_TO DO_.
Output exactly the lines that come between the start of the material and the line containing "Тщательная документация помогает", both ends included, with the pictures omitted.

_TASK INPUTS_.
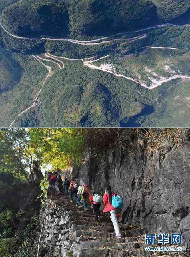 這是一張拼版照片:上圖是廣西大化瑤族自治縣七百弄鄉(xiāng)弄良村通往學(xué)校的水泥路(2019年11月12日攝,無(wú)人機(jī)照片);下圖是弄良村的孩子們爬“天梯”去學(xué)校(2016年12月9日攝)。新華社記者 黃孝邦 攝
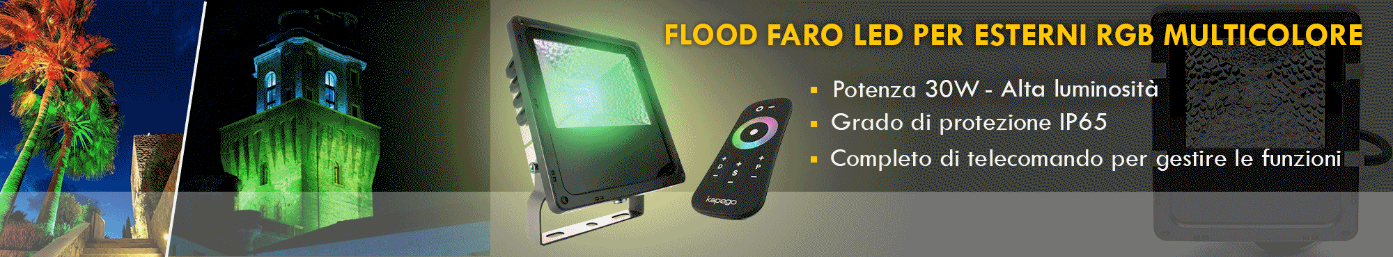 Faro proiettore luce LED 30W RGB RF per esterni con grado di protezione IP65. Prodotto professionale completo di telecomando RF per gestire tutte le funzioni. Questo faro RGB è un apparecchio di illuminazione di nuova concezione, frutto di un’accurata scelta di componenti altamente tecnologici e materiali di qualità. Il faro ha un'intensità luminosa di 1060 lumen.
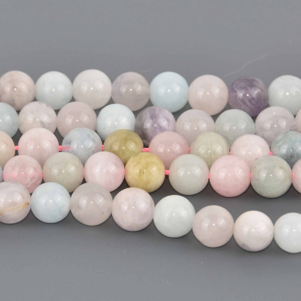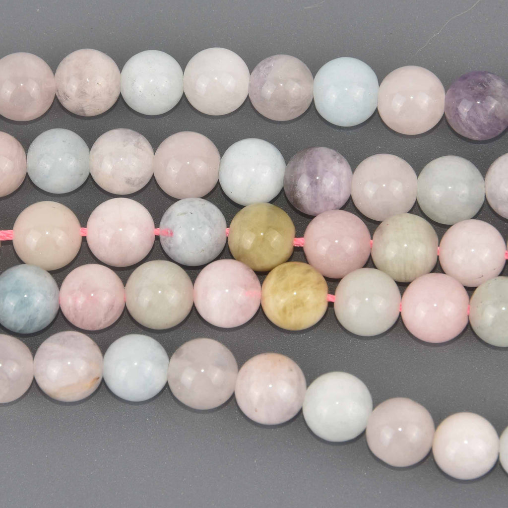 High quality aquamarine, morganite, and amethyst beads, smooth polished surface.
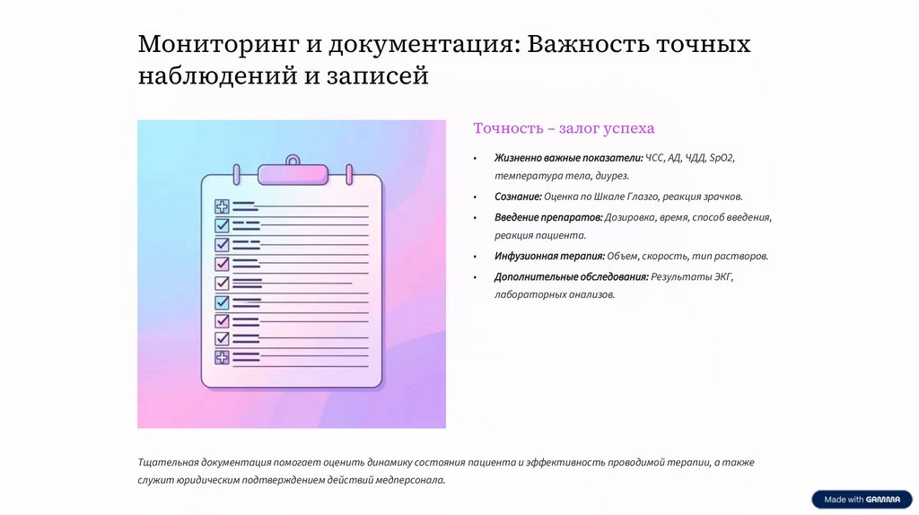Тщательная документация помогает оценить динамику состояния пациента и эффективность проводимой терапии, а также
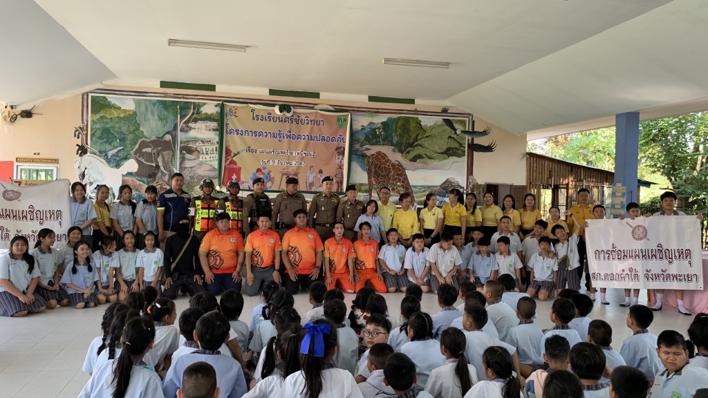เจ้าหน้าที่ตำรวจจราจร สภ.ดอกคำใต้ อำนวยความสะดวกและจัดการจราจรซ้อมแผนเผชิญเหตุประจำเดือน ธันวาคม 2567 ณ โรงเรียนอนุบาลศรีชัย ต.ดอกคำใต้ อ.ดอกคำใต้ จว.พะเยา
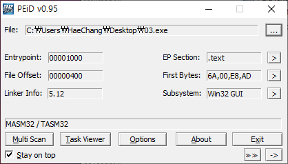 따로 패킹은 안되어 있고, 어셈으로 제작된 프로그램인 것을 알 수 있었다.
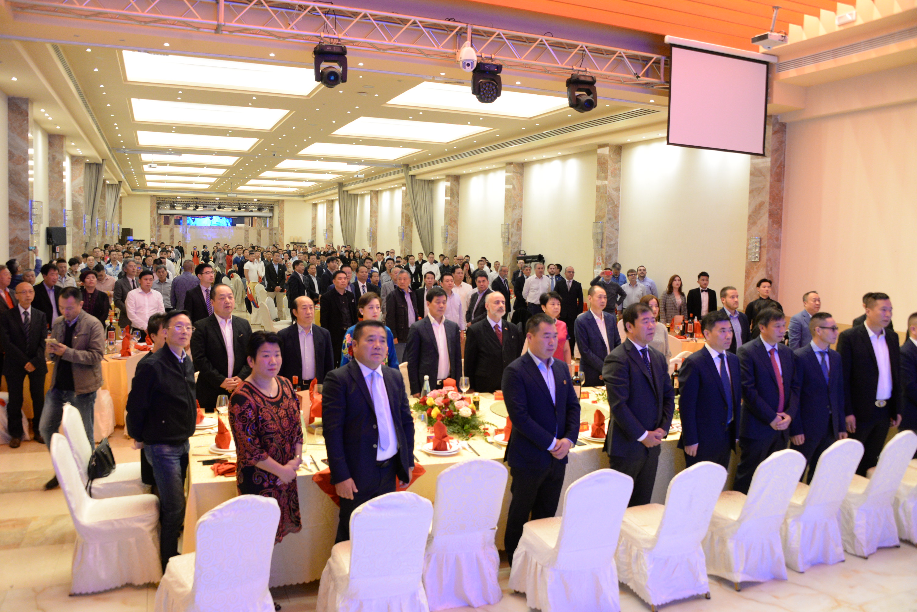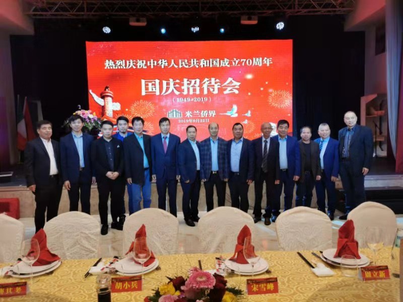 意大利《华人街》消息:2019年9月22日晚间,米兰新聚宾大酒店张灯结彩、国旗飘扬,米兰侨界在此隆重举办新中国成立70周年国庆招待会,驻米兰总领馆宋雪峰总领事、汪惠娟副总领事、蔡蕾主任及馆员;伦巴第大区议员Gianmarco Senna、米兰一区主席fabio arrigoni、八区主席Simone Zambelli;米兰各侨团代表、老侨领、中资企业留学生代表及意大利友人400多人参加了盛会。
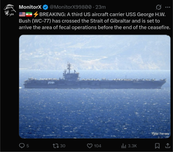 you think so, probably have to wait a while for the 1st test to set up. It's getting dark in iran...no ones making a move for at least 18 hours
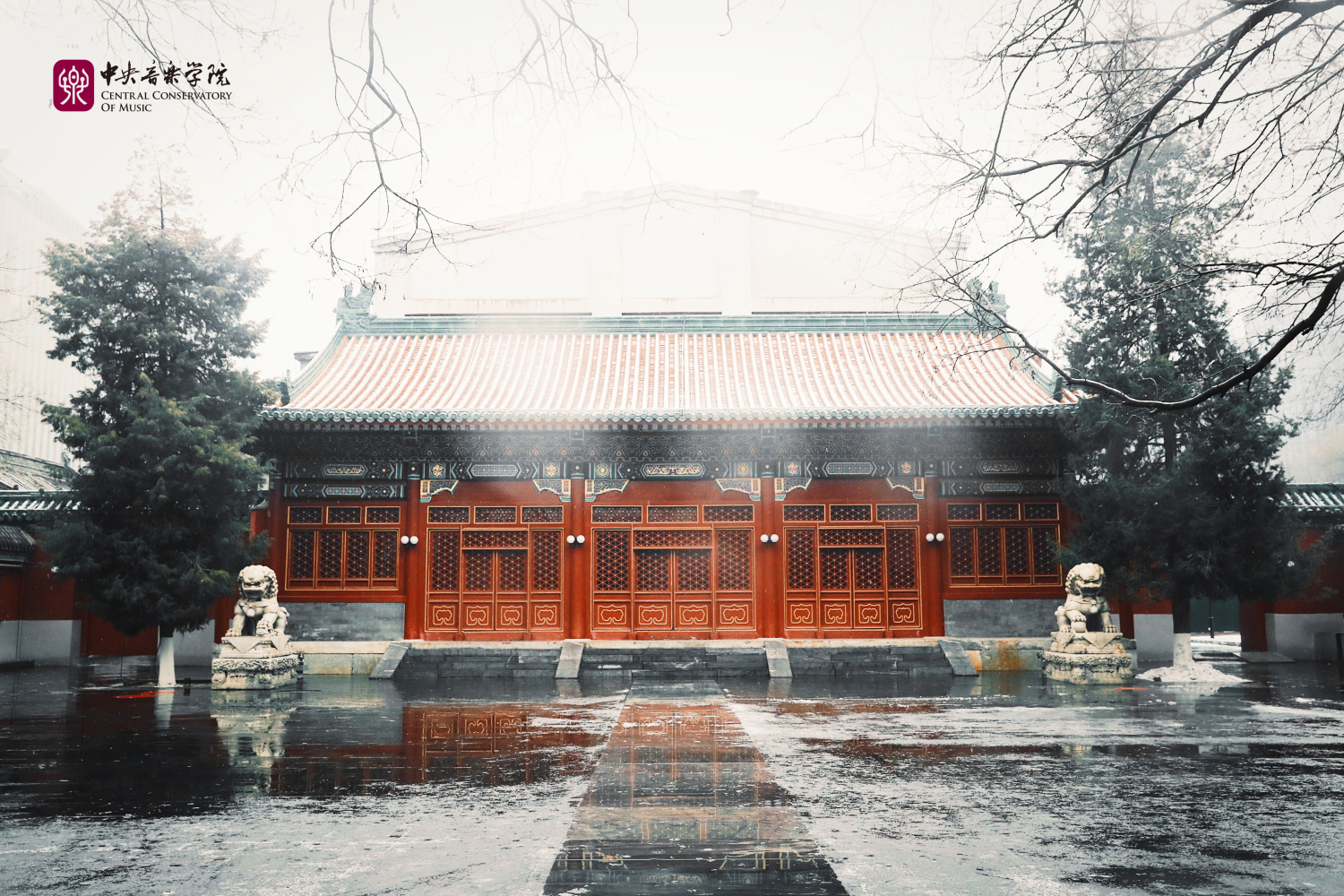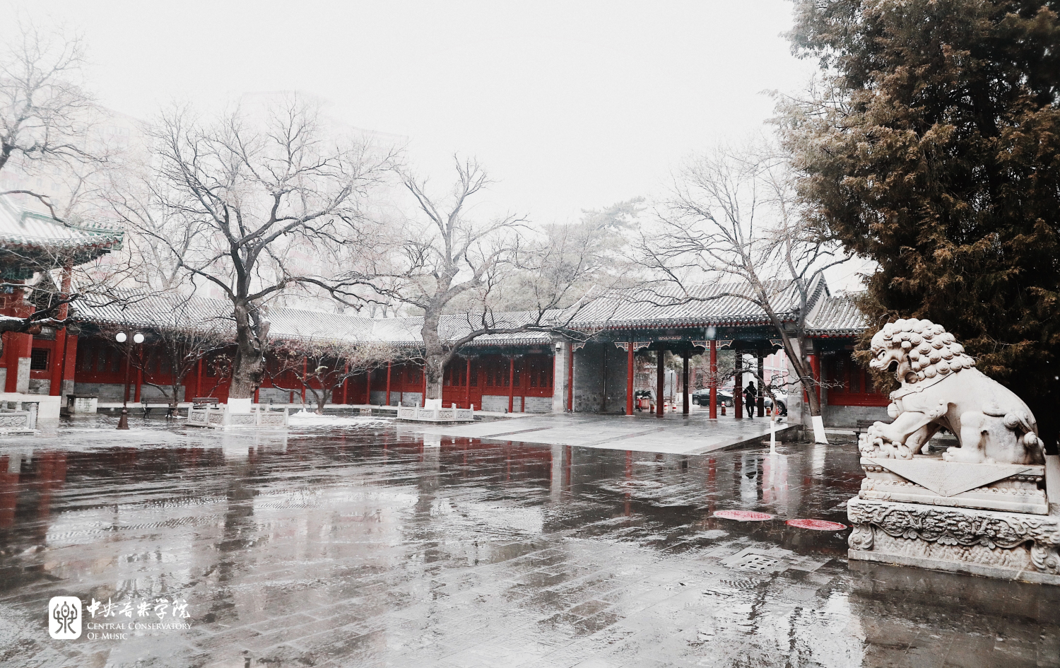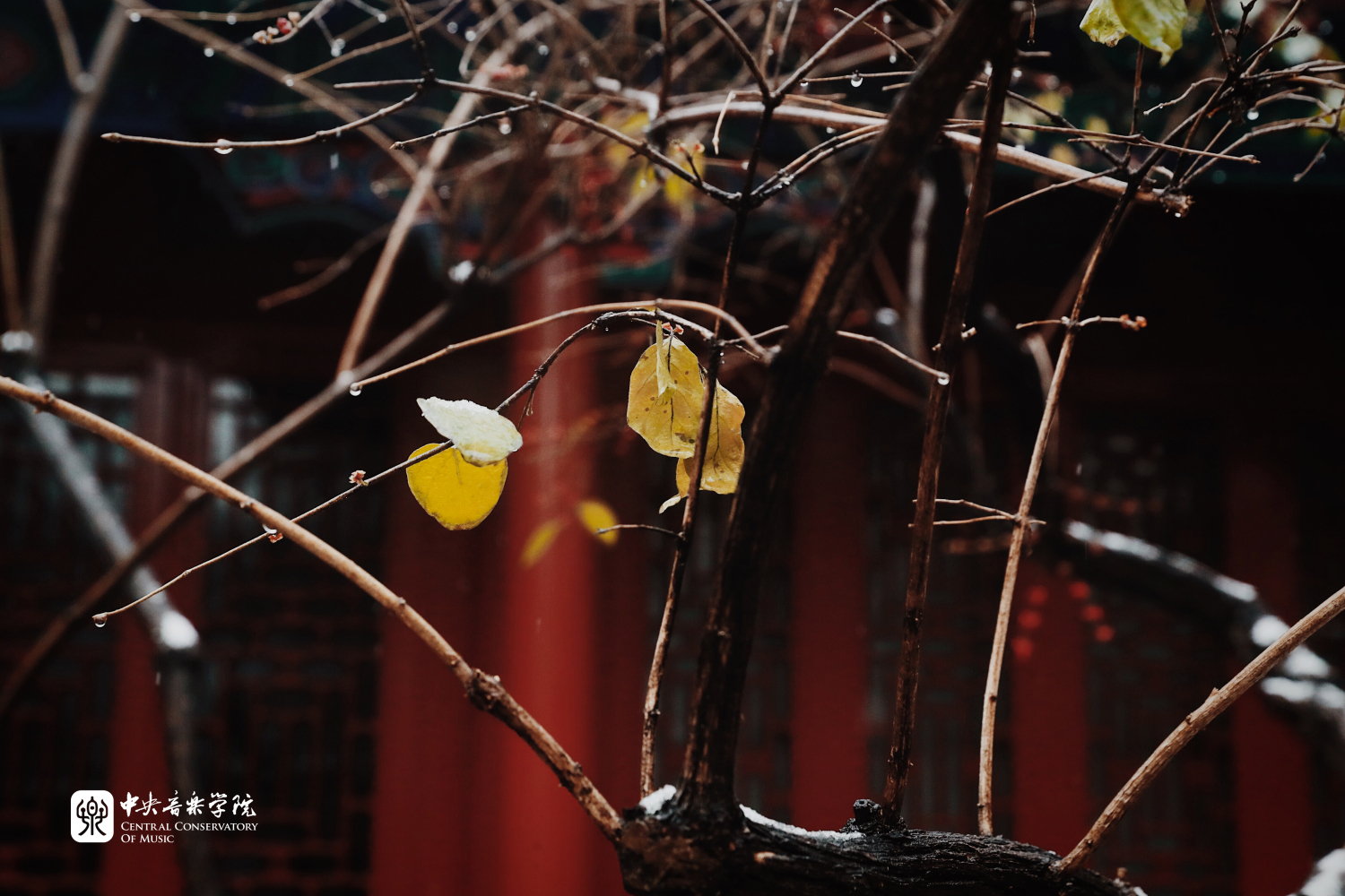 冬日的央音在纷纷扬扬的雪花中美得静谧而深沉

_SOLUTION TO THIS PROBLEM_.
 這是一張拼版照片:上圖是廣西大化瑤族自治縣七百弄鄉(xiāng)弄良村通往學(xué)校的水泥路(2019年11月12日攝,無(wú)人機(jī)照片);下圖是弄良村的孩子們爬“天梯”去學(xué)校(2016年12月9日攝)。新華社記者 黃孝邦 攝
 Faro proiettore luce LED 30W RGB RF per esterni con grado di protezione IP65. Prodotto professionale completo di telecomando RF per gestire tutte le funzioni. Questo faro RGB è un apparecchio di illuminazione di nuova concezione, frutto di un’accurata scelta di componenti altamente tecnologici e materiali di qualità. Il faro ha un'intensità luminosa di 1060 lumen.
 High quality aquamarine, morganite, and amethyst beads, smooth polished surface.
Тщательная документация помогает оценить динамику состояния пациента и эффективность проводимой терапии, а также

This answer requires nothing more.